(Your goal)
Please restate word for word the lines of the entries below from the one with "Relaxed Fit Short" to the one with "Rose Gold Filled Paperclip Charm Bracelet", inclusive, and leave out every picture.

(Listed records)
************
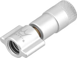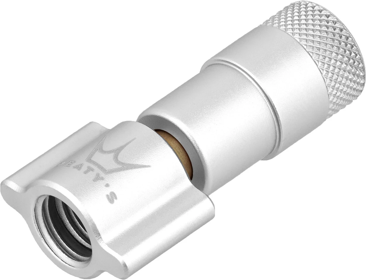 aluminio mecanizado por CNC en los colores de Chris Kingcabezal de bomba en diseño recto con conexión recta desde el cartucho a la válvula para un flujo de aire sin obstáculospara bombear, desenroscar el cartucho y presionar la bomba de cartucho en la válvulafunda protectora de silicona con base contra la congelaciónNúmero de fabricante:PPR-HTI-RAG
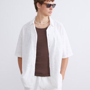 Relaxed Fit Short Sleeve Linen-Look Men’s Shirt
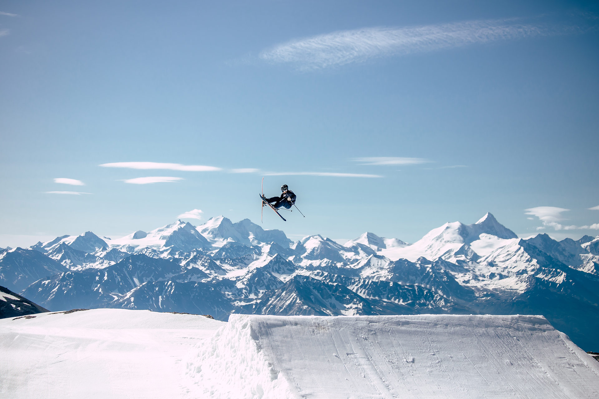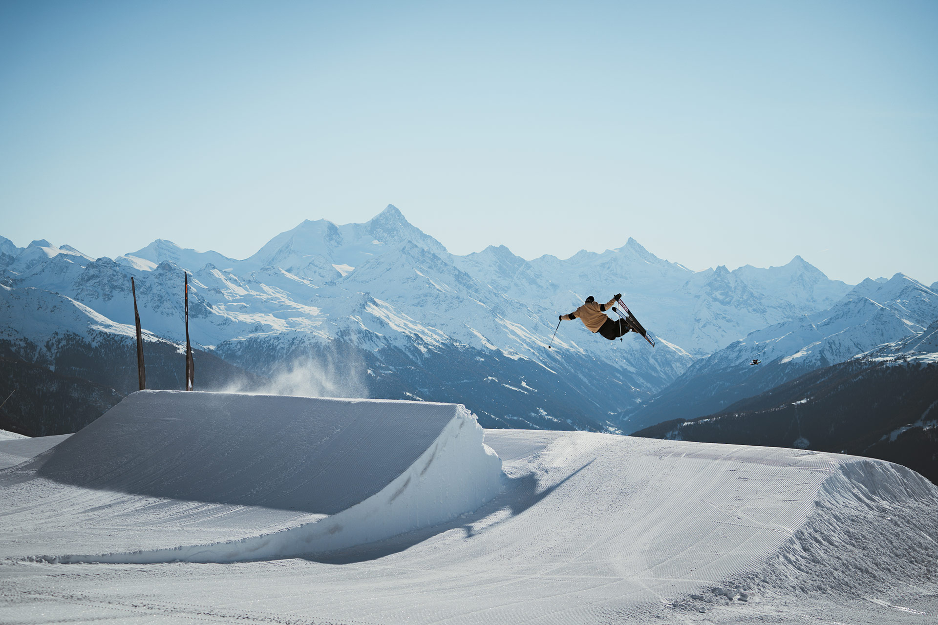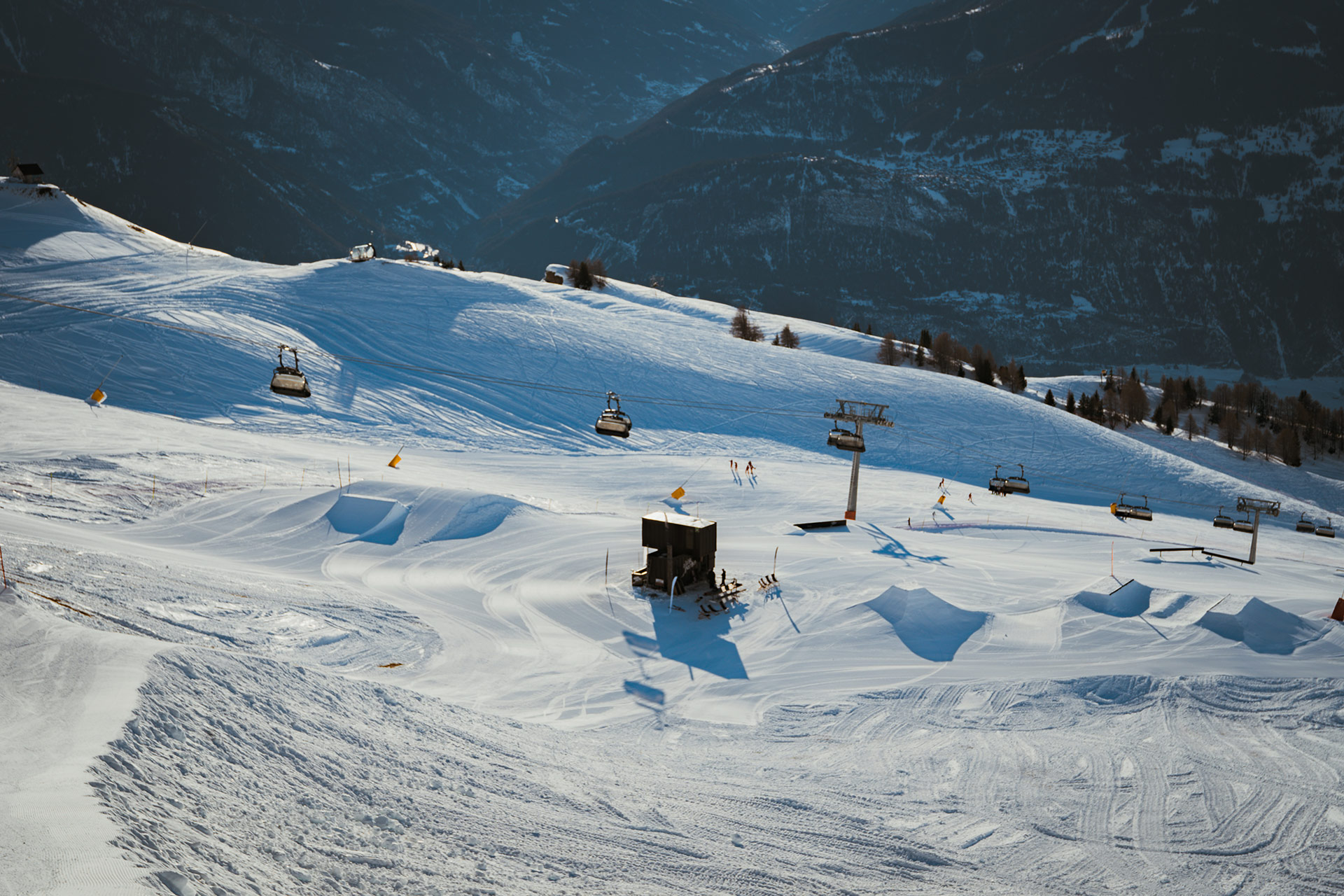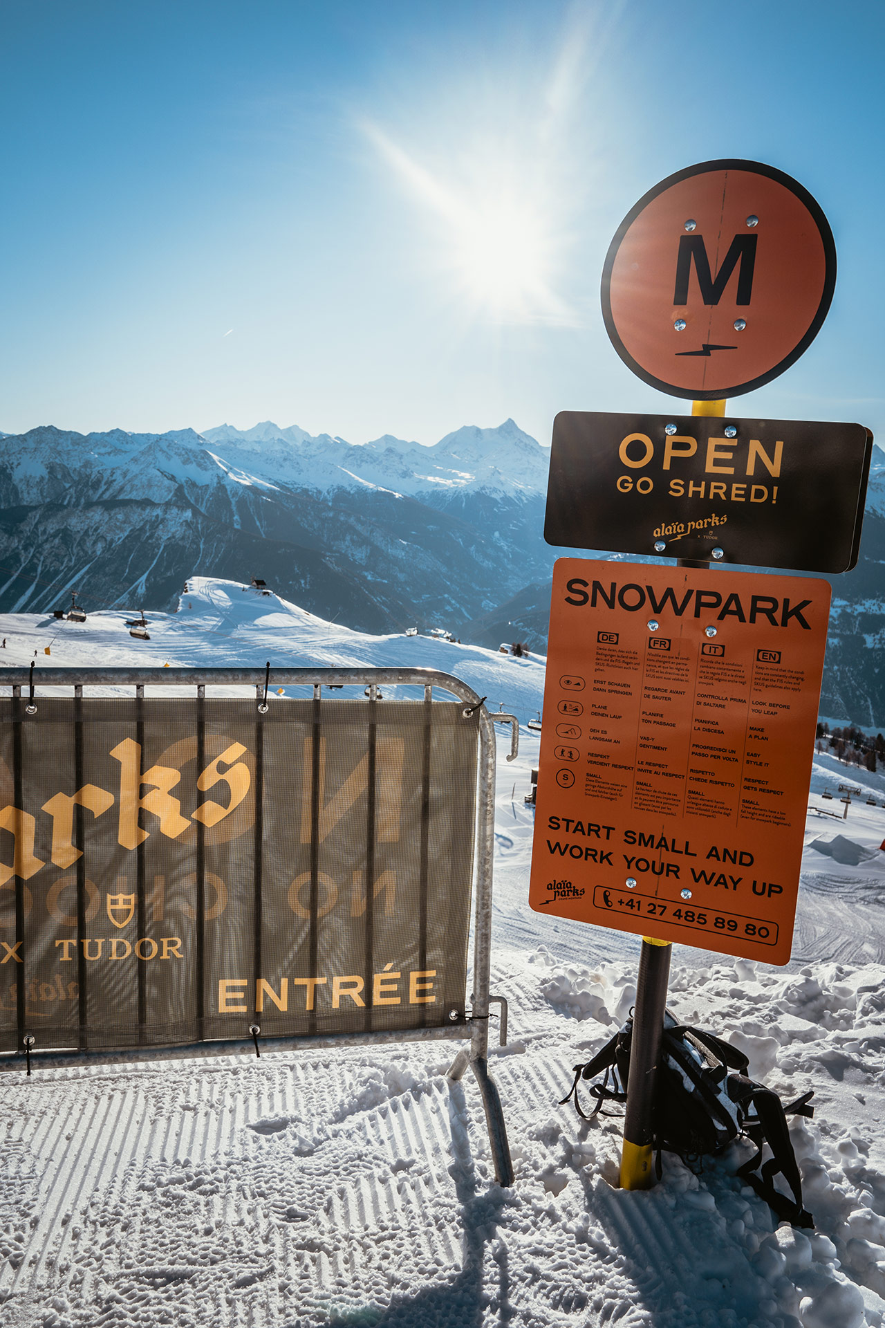 With its Olympic-size halfpipe and 140,000 square meters of terrain, the Crans-Montana snowpark was already one of Europe’s best. The new “Alaïa Parks by Tudor” promises to continue the rich tradition of freestyle in western Switzerland. Beginning in December, various lines have opened progressively, starting with the Cry d’Er zone and continuing with the “Mérignou” mini-park. Towards the end of the season, the snowpark will migrate up the mountain to the Plaine Morte Glacier, where the park will continue operation into June. On-snow operations have been entrusted to Helvepark, a Swiss company specializing in snowpark operations. You might already know them from parks like Gran Masta Park in Adelboden-Lenk or the Prinoth X Camp on the Stelvio Pass in Italy.
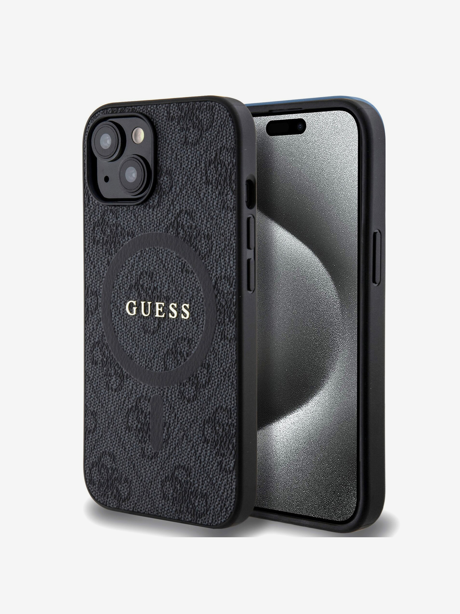 Guess PU Grained Classic Logo MagSafe hrbtni ovitek za iPhone 16 vijolične barve
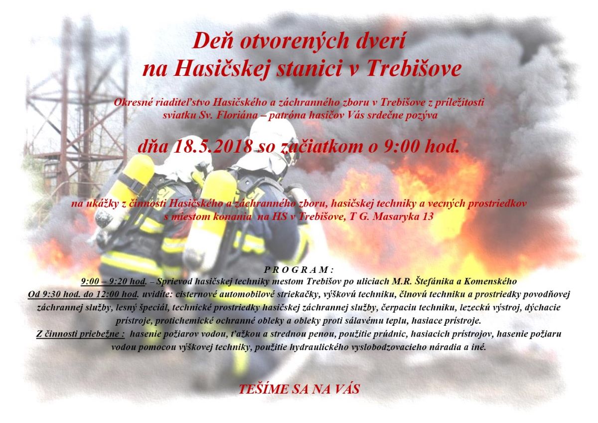 Okresné riaditeľstvo Hasičského a záchranného zboru v Trebišove organizuje piatok 18. mája 2018 so začiatkom o 9.00 hod., pri príležitosti sviatku sv. Floriána – patróna hasičov, Deň otvorených dverí.
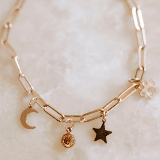 Rose Gold Filled Paperclip Charm Bracelet
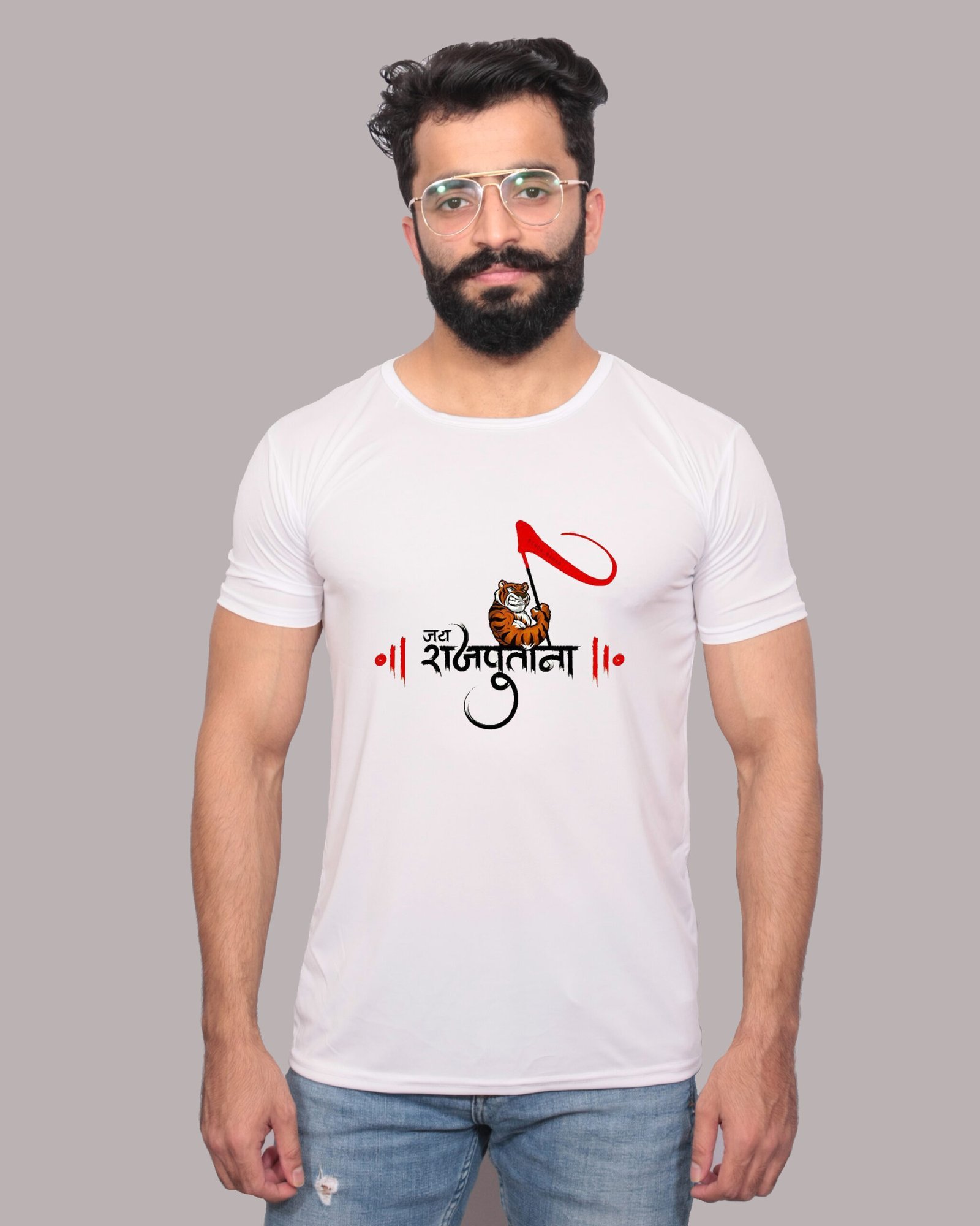Designed for versatility, the Rajputana t-shirt can easily transition from casual to semi-formal occasions. Its classic fit allows for easy pairing with a variety of outfits. Wear it with jeans or chinos for a laid-back look, or dress it up with a blazer for an evening out. The timeless white color serves as a perfect backdrop for the vibrant graphic, making it a versatile addition to any wardrobe. This t-shirt is not only a fashion staple but also a way to showcase your love for culture and heritage.
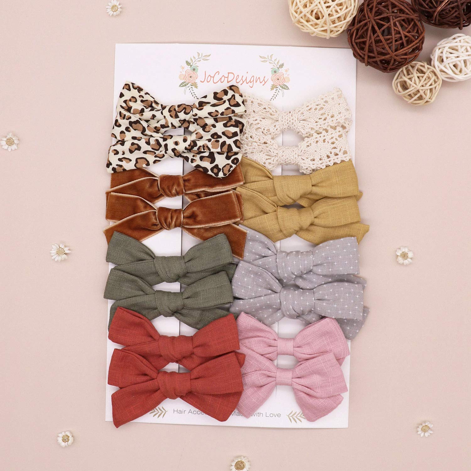 - Q: What styles and colors are included in the assortment? A: The assortment includes a variety of styles such as leopard cotton bows, mustard, rust, pink, sage and gray linen bows, vintage lace bows, and brown velvet bows.
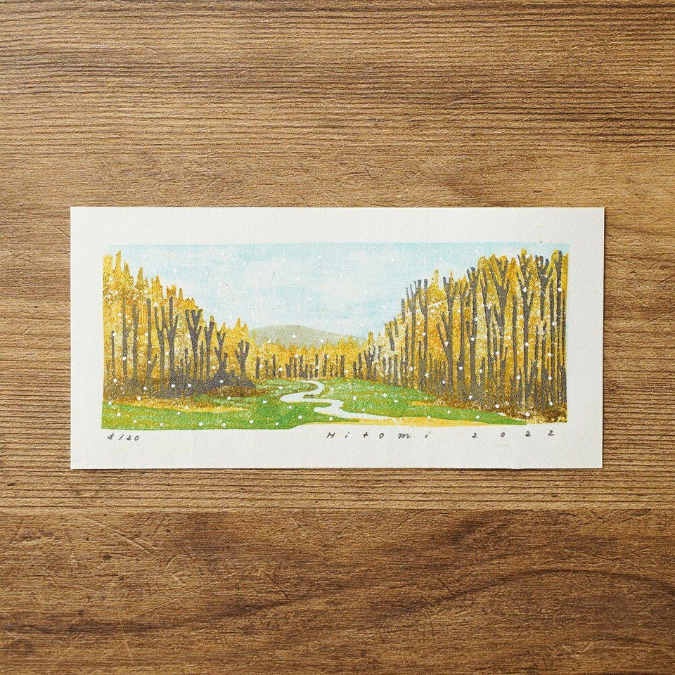 旅先や日常で見つめた風景を描いた木版画です。一枚一枚手で摺っているので、インクの乗りや掠れがそれぞれに若干異なります。色味も画像をご覧いただく環境で多少の差異はありますことご了承ください。
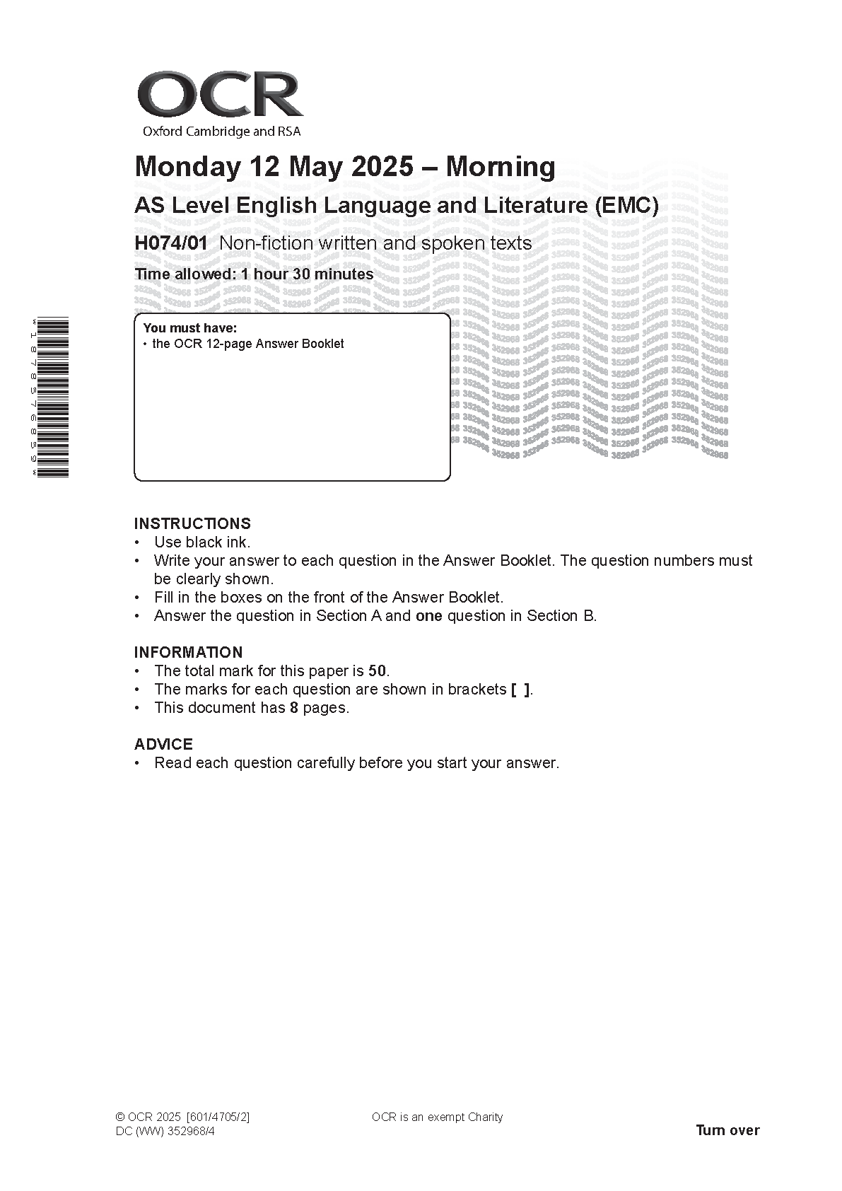 2025 OCR AS Level English Language and Literature Paper 1 and Mark Scheme Combined (H074/01 Non-fiction written and spoken texts)
************
(Exercise output)
 Relaxed Fit Short Sleeve Linen-Look Men’s Shirt
 With its Olympic-size halfpipe and 140,000 square meters of terrain, the Crans-Montana snowpark was already one of Europe’s best. The new “Alaïa Parks by Tudor” promises to continue the rich tradition of freestyle in western Switzerland. Beginning in December, various lines have opened progressively, starting with the Cry d’Er zone and continuing with the “Mérignou” mini-park. Towards the end of the season, the snowpark will migrate up the mountain to the Plaine Morte Glacier, where the park will continue operation into June. On-snow operations have been entrusted to Helvepark, a Swiss company specializing in snowpark operations. You might already know them from parks like Gran Masta Park in Adelboden-Lenk or the Prinoth X Camp on the Stelvio Pass in Italy.
 Guess PU Grained Classic Logo MagSafe hrbtni ovitek za iPhone 16 vijolične barve
 Okresné riaditeľstvo Hasičského a záchranného zboru v Trebišove organizuje piatok 18. mája 2018 so začiatkom o 9.00 hod., pri príležitosti sviatku sv. Floriána – patróna hasičov, Deň otvorených dverí.
 Rose Gold Filled Paperclip Charm Bracelet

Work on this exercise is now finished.